▸ **TASK DETAILS**
Word for word, restate the listing that follows and leave out the images.

DATASET EXCERPT START

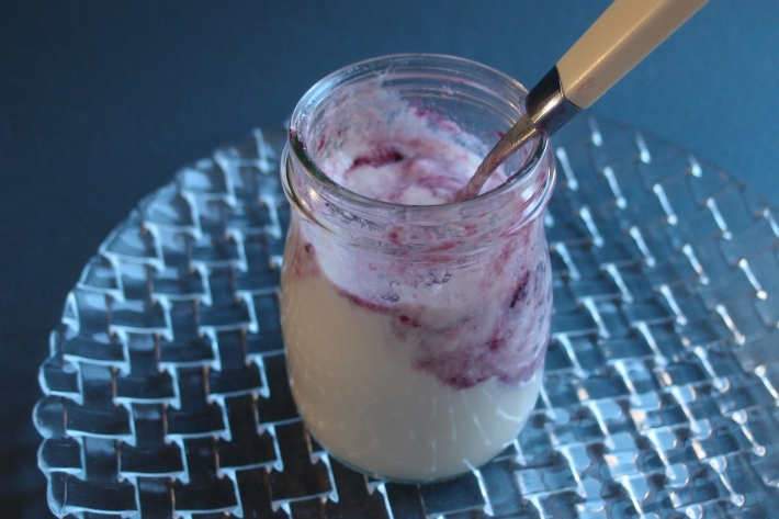 Mélangez bien le yaourt et la poudre de lait avec le lait chaud. La température tombera autour de 45°.
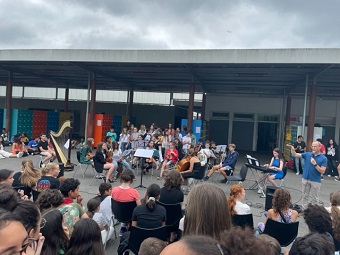 À l'occasion des 40 ans de la fête de la musique, les élèves de la classe à horaires aménagés musique organisaient une heure de concert ce mardi 21 juin avec au programme deux morceaux et deux chants extraits de "La fugue irlandaise" (jouée quelques semaines plus tôt au Zénith de Pau dans le cadre des rencontres chorales 2022).
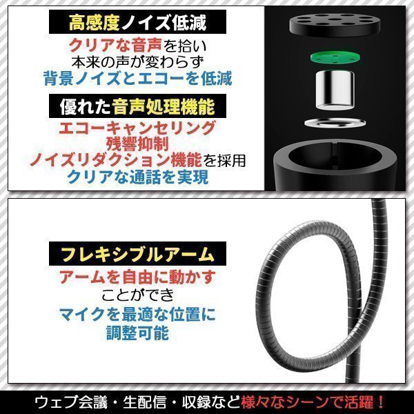 高感度ノイズリダクションコンデンサーマイク採用でグースネックのデザイン、360°全方位集音で声を漏れなく集めます。
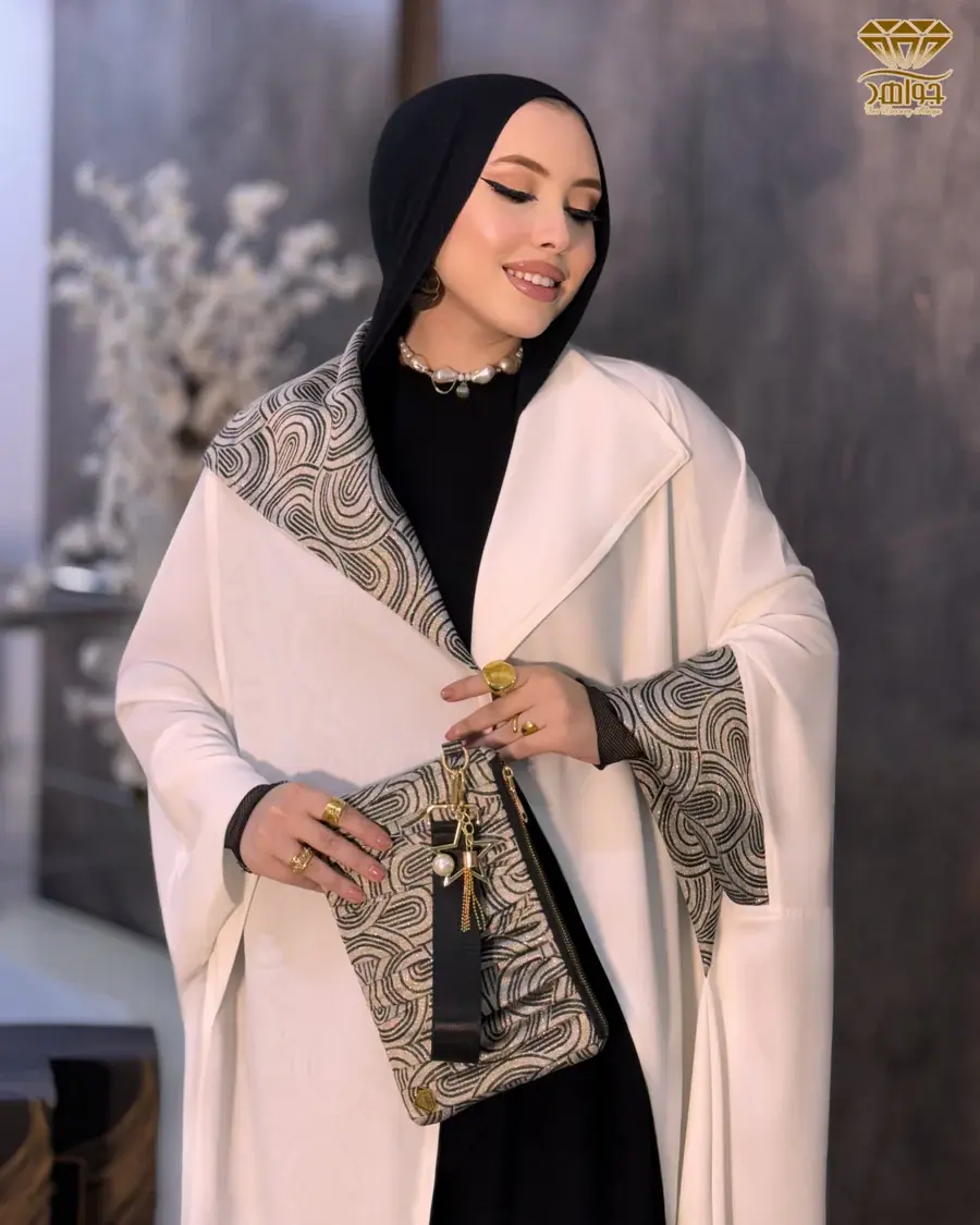 عباية بتصميم مميز بخامة برلين أبيض مستورد بإضافة كم ولياقة بخامة فخمة چاكار مستورد.

DATASET EXCERPT END

▸ **TASK SOLUTION**
 Mélangez bien le yaourt et la poudre de lait avec le lait chaud. La température tombera autour de 45°.
 À l'occasion des 40 ans de la fête de la musique, les élèves de la classe à horaires aménagés musique organisaient une heure de concert ce mardi 21 juin avec au programme deux morceaux et deux chants extraits de "La fugue irlandaise" (jouée quelques semaines plus tôt au Zénith de Pau dans le cadre des rencontres chorales 2022).
 高感度ノイズリダクションコンデンサーマイク採用でグースネックのデザイン、360°全方位集音で声を漏れなく集めます。
 عباية بتصميم مميز بخامة برلين أبيض مستورد بإضافة كم ولياقة بخامة فخمة چاكار مستورد.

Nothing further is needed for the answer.